▶ Task directions: Please write out the listing exactly, leaving each picture out.

Top of Supplied data

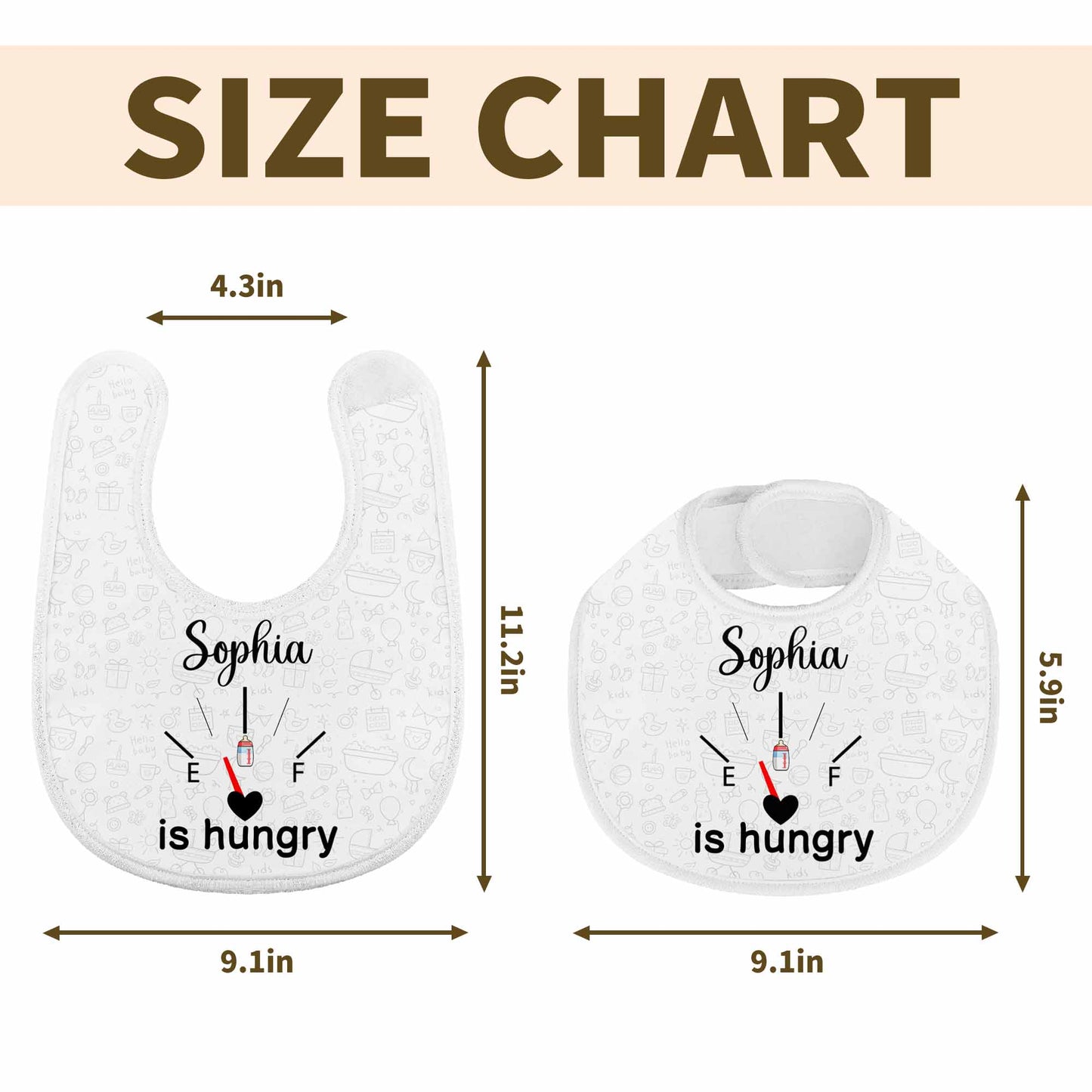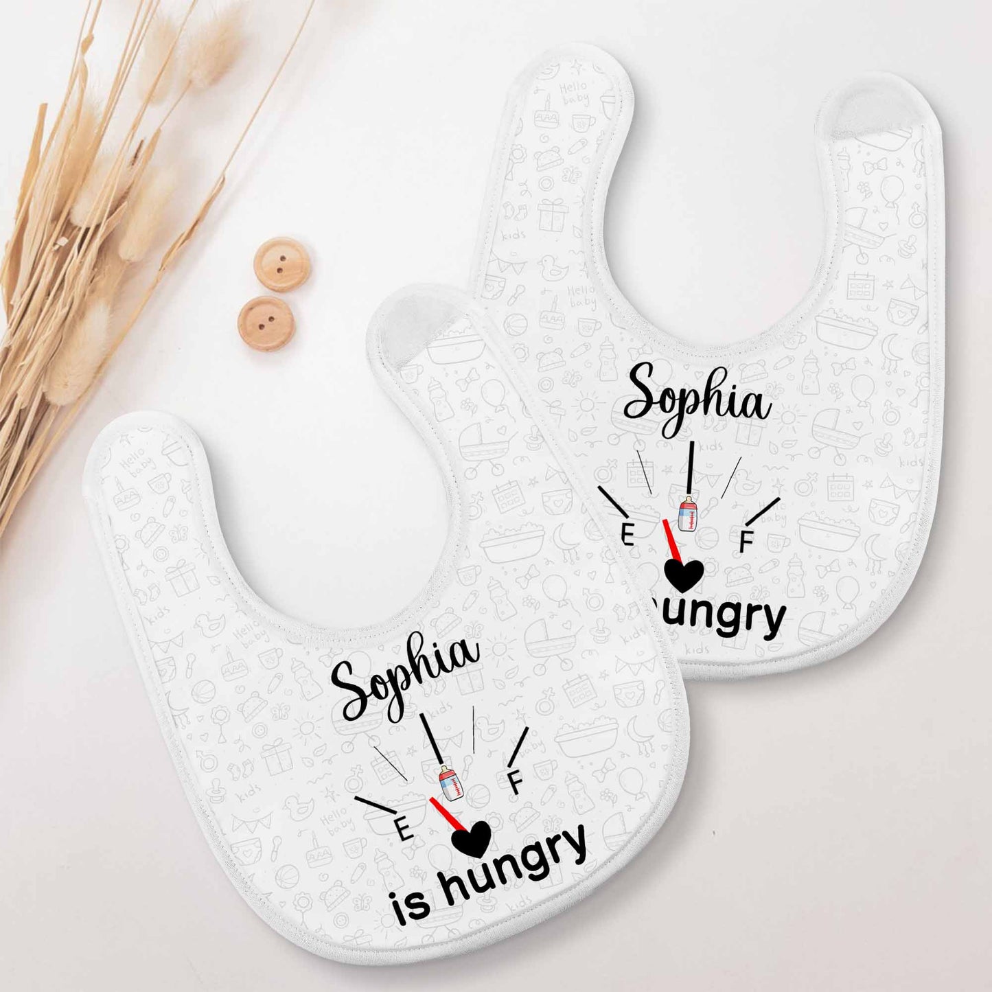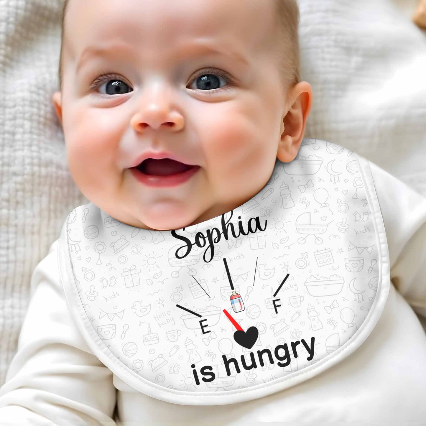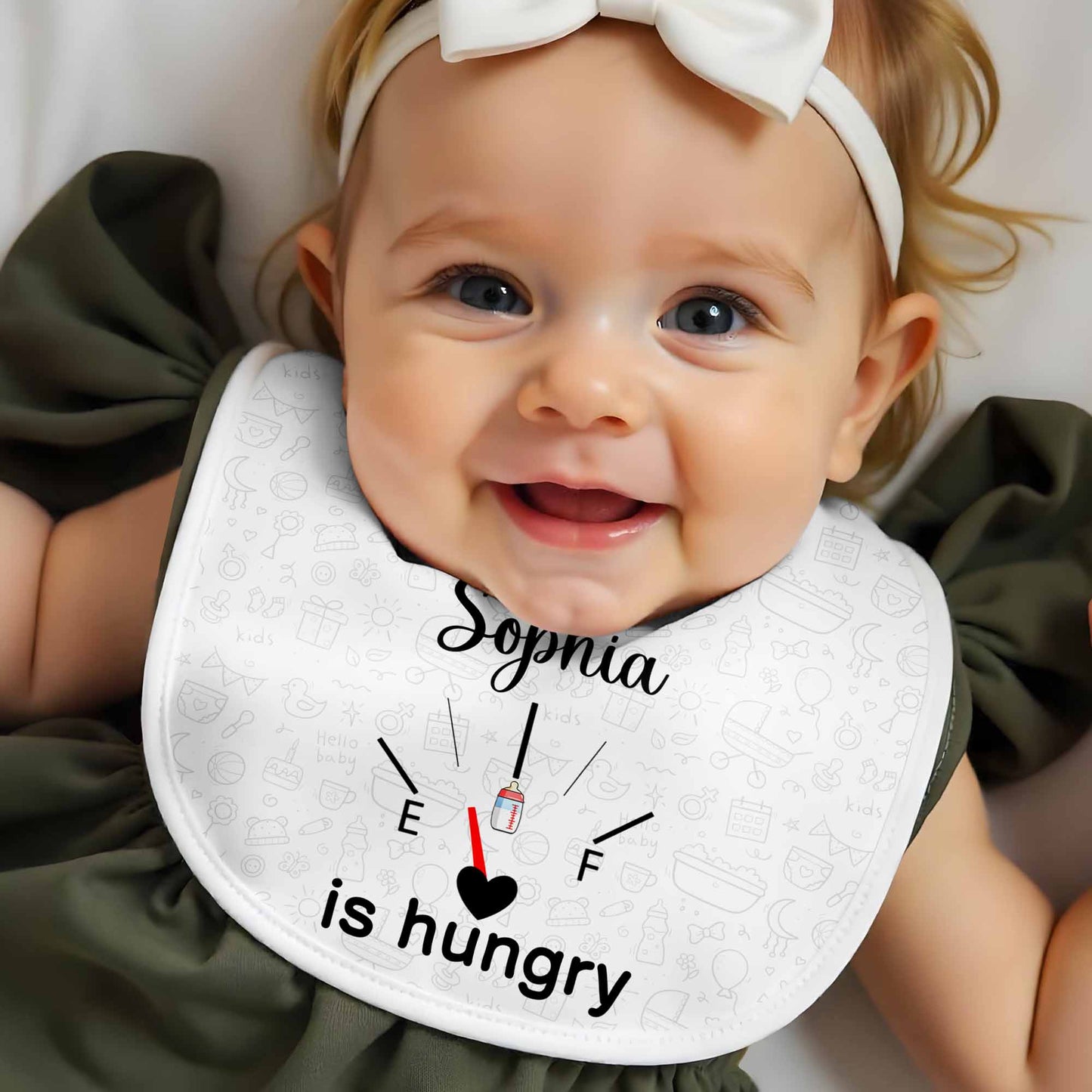 Tienes hambre, artículos para bebé y diseño de corazón - Babero personalizado - KID103_BBB
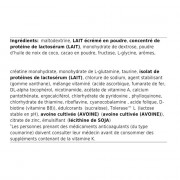 Ingredienti del cioccolato: maltodestrina, latte scremato in polvere, proteine del siero di latte concentrate(latte), destrosio monoidrato, olio di cocco in polvere, cacao in polvere, fruttosio, L-glicina, aromi, creatina monoidrato, L-glutammina monoidrato, taurina, [acide ascorbique, fumarate de fer, DL-alpha tocophérol, nicotinamide, acétate de vitamine A, calcium pantothénate, ergocalciférol, chlorydrate de pyridoxine, phylloquinone, chlorhydrate de thiamine, riboflavine, cyanocobalamine, acide folique, D-biotine (vitamine B8)] proteine isolate del siero di latte(latte), cloruro di sodio, stabilizzante (gomma di xanthan), miscela di vitamine, edulcorante (sucralosio), Tolerase L (lattosio stabile al pH), avena coltivata, citrato di zinco, emulsionante (lecitina di soia).
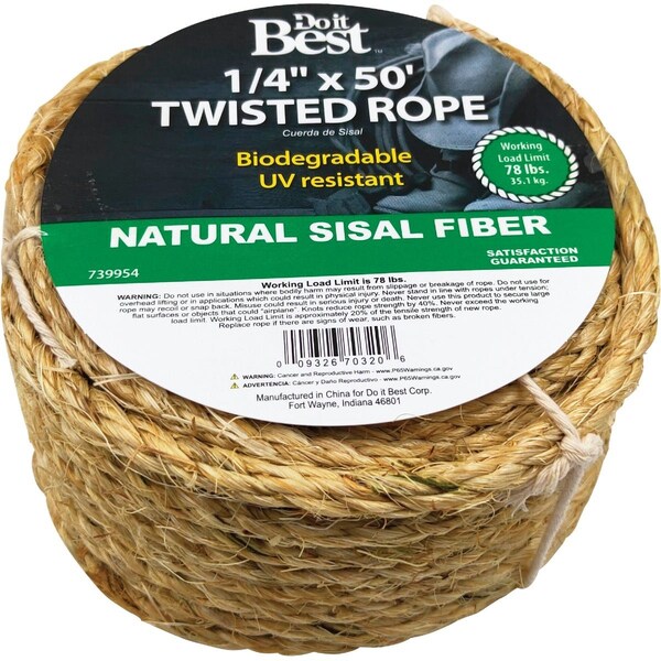 1/4'' x 50 Ft. Natural Twisted Sisal Fiber Packaged Rope
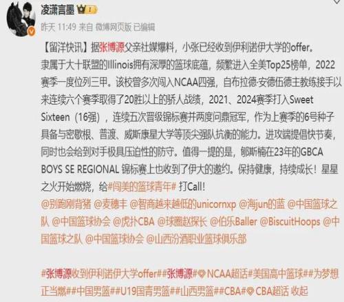 据张博源父亲透露,张博源收获伊利诺伊大学offer。

Bottom of Supplied data

▶ Solution to this task:
 Tienes hambre, artículos para bebé y diseño de corazón - Babero personalizado - KID103_BBB
 Ingredienti del cioccolato: maltodestrina, latte scremato in polvere, proteine del siero di latte concentrate(latte), destrosio monoidrato, olio di cocco in polvere, cacao in polvere, fruttosio, L-glicina, aromi, creatina monoidrato, L-glutammina monoidrato, taurina, [acide ascorbique, fumarate de fer, DL-alpha tocophérol, nicotinamide, acétate de vitamine A, calcium pantothénate, ergocalciférol, chlorydrate de pyridoxine, phylloquinone, chlorhydrate de thiamine, riboflavine, cyanocobalamine, acide folique, D-biotine (vitamine B8)] proteine isolate del siero di latte(latte), cloruro di sodio, stabilizzante (gomma di xanthan), miscela di vitamine, edulcorante (sucralosio), Tolerase L (lattosio stabile al pH), avena coltivata, citrato di zinco, emulsionante (lecitina di soia).
 1/4'' x 50 Ft. Natural Twisted Sisal Fiber Packaged Rope
 据张博源父亲透露,张博源收获伊利诺伊大学offer。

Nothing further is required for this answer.